=== Section Start ===

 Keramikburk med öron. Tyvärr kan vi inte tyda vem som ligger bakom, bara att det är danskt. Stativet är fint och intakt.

=== Section End ===
=== Section Start ===

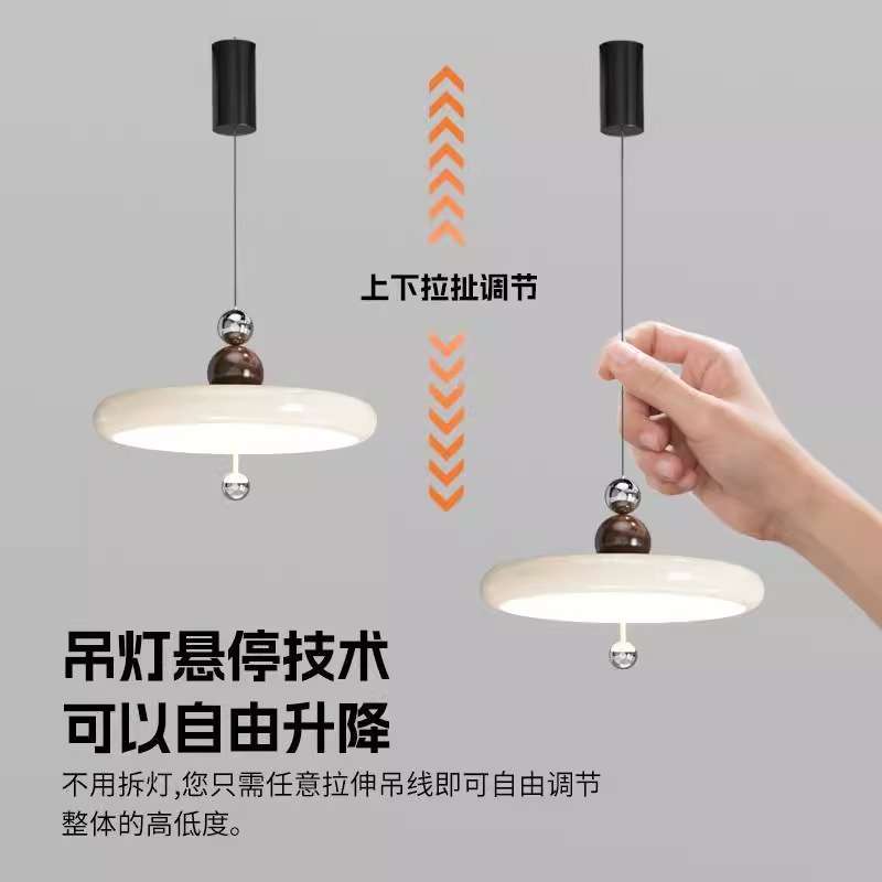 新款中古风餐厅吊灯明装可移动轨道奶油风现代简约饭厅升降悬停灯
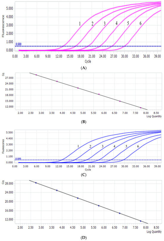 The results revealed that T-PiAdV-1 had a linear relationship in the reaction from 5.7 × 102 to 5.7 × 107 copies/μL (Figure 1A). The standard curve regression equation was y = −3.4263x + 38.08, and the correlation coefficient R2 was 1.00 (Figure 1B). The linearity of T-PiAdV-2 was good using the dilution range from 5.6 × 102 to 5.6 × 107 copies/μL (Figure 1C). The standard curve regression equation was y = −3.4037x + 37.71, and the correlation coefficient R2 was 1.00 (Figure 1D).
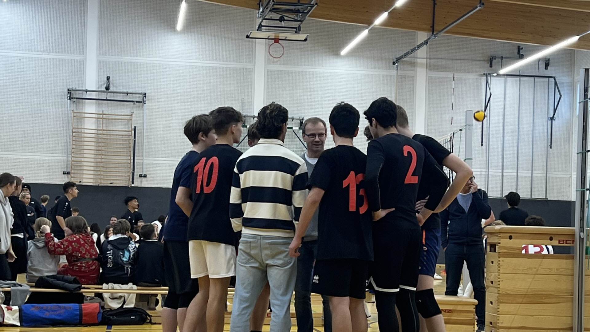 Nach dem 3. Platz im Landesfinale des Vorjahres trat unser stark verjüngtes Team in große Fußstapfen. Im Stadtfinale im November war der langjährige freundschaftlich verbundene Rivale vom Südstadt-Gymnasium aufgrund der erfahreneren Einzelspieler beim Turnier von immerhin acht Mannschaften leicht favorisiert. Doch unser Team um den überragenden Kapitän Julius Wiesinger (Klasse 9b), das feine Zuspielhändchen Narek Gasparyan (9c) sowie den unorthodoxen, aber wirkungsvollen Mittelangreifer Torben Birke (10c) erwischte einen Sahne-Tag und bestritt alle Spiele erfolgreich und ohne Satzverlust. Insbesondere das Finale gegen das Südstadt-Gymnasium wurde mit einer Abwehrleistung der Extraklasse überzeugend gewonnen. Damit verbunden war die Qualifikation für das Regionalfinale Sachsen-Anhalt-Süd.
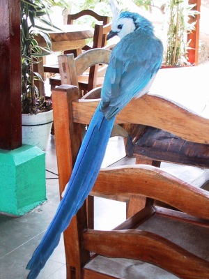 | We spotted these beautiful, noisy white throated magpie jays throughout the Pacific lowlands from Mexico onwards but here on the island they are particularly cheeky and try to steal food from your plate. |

=== Section End ===

Copy out exactly the lines above beginning with the line that contains "新款中古风餐厅吊灯明装可移动轨道奶油风现代简约饭厅升降悬停灯" and finishing with the line that contains "The results revealed", including both; leave the pictures out.

 新款中古风餐厅吊灯明装可移动轨道奶油风现代简约饭厅升降悬停灯
 The results revealed that T-PiAdV-1 had a linear relationship in the reaction from 5.7 × 102 to 5.7 × 107 copies/μL (Figure 1A). The standard curve regression equation was y = −3.4263x + 38.08, and the correlation coefficient R2 was 1.00 (Figure 1B). The linearity of T-PiAdV-2 was good using the dilution range from 5.6 × 102 to 5.6 × 107 copies/μL (Figure 1C). The standard curve regression equation was y = −3.4037x + 37.71, and the correlation coefficient R2 was 1.00 (Figure 1D).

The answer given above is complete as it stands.